(Supplied information)
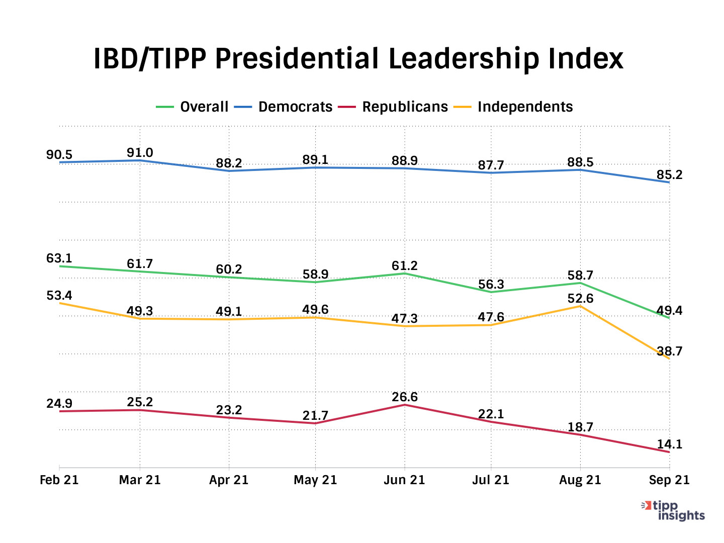 September was the biggest monthly decline in the IBD/TIPP Presidential Leadership Index's history, plunging 9.3 points, from 58.7 to 49.8, a 15.8 percent decline.
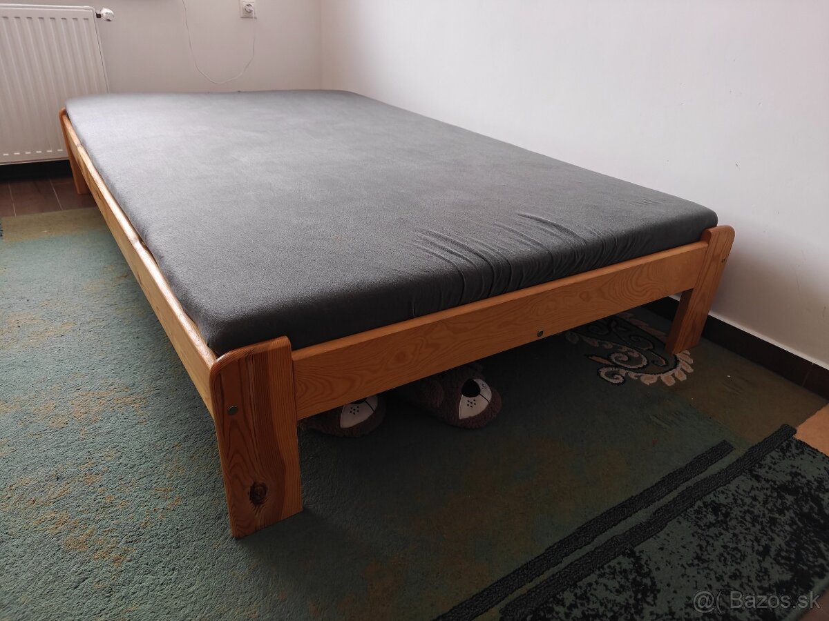Predám postel 140x200 - [11.2. 2026]Predám túto zachovalú manželskú postel rozmer je 140x200 v cene su aj dva nočné stoliky. Prípade záujmu viem pridať aj matrac za 40 e používanú asi asi nie rok. Pripadne záujmu viem pomôcť s dovozom. A mam aj na predaj jedálenský stôl skeneny plus 4 stoličky.
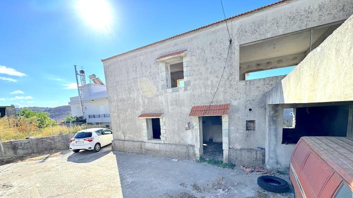 For sale: unfinished village house on 2 levels in total size of 212 sqm on a private plot of 406 sqm situated in the center of Koumi village at 15 km from Rethymno, sandy beach and the sea.
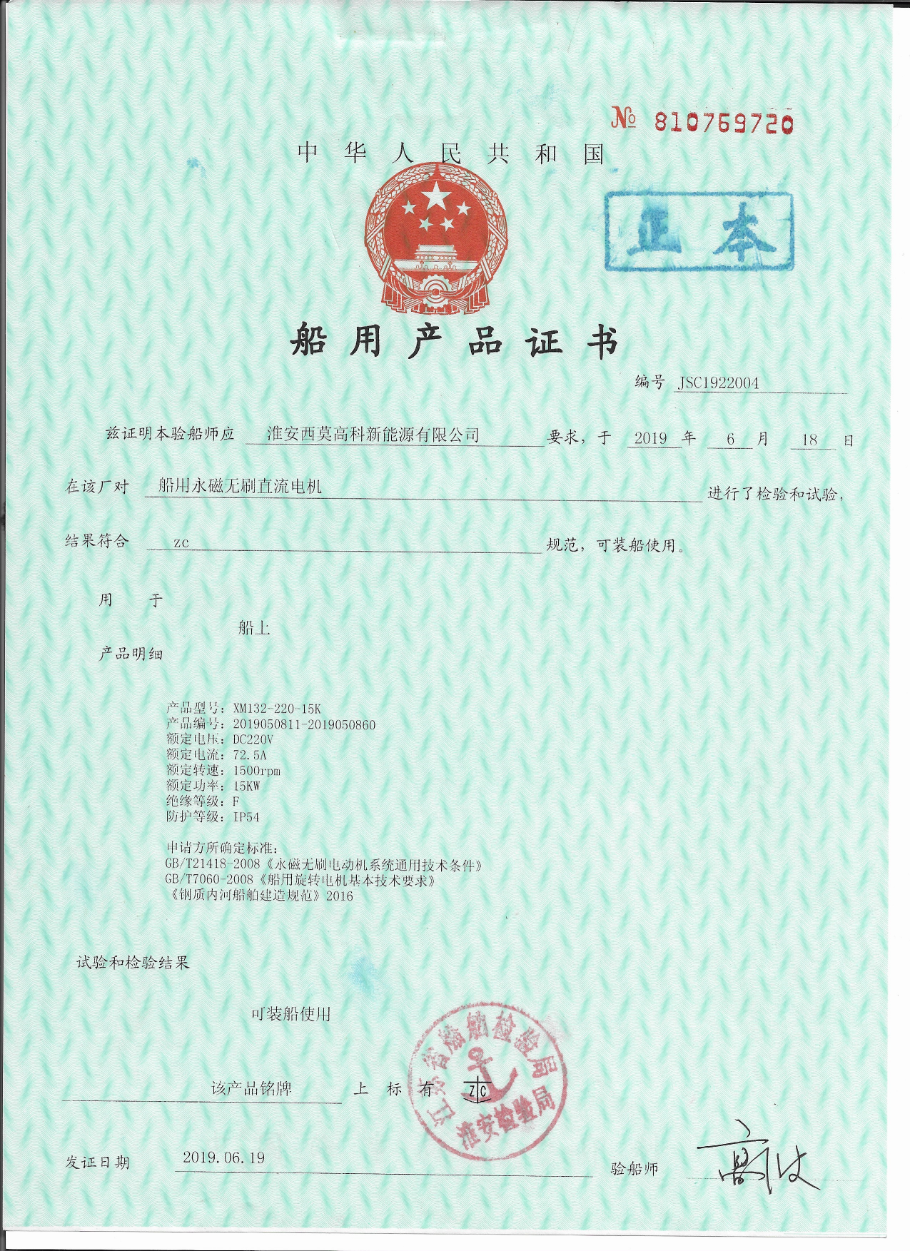永磁無刷直流電機(jī)船用產(chǎn)品證書 規(guī)格220V15KW1500RPM
(End Supplied information)
_Your objective_
Without the pictures, retype the whole of the material above exactly.

_Response to the task_
 September was the biggest monthly decline in the IBD/TIPP Presidential Leadership Index's history, plunging 9.3 points, from 58.7 to 49.8, a 15.8 percent decline.
Predám postel 140x200 - [11.2. 2026]Predám túto zachovalú manželskú postel rozmer je 140x200 v cene su aj dva nočné stoliky. Prípade záujmu viem pridať aj matrac za 40 e používanú asi asi nie rok. Pripadne záujmu viem pomôcť s dovozom. A mam aj na predaj jedálenský stôl skeneny plus 4 stoličky.
 For sale: unfinished village house on 2 levels in total size of 212 sqm on a private plot of 406 sqm situated in the center of Koumi village at 15 km from Rethymno, sandy beach and the sea.
永磁無刷直流電機(jī)船用產(chǎn)品證書 規(guī)格220V15KW1500RPM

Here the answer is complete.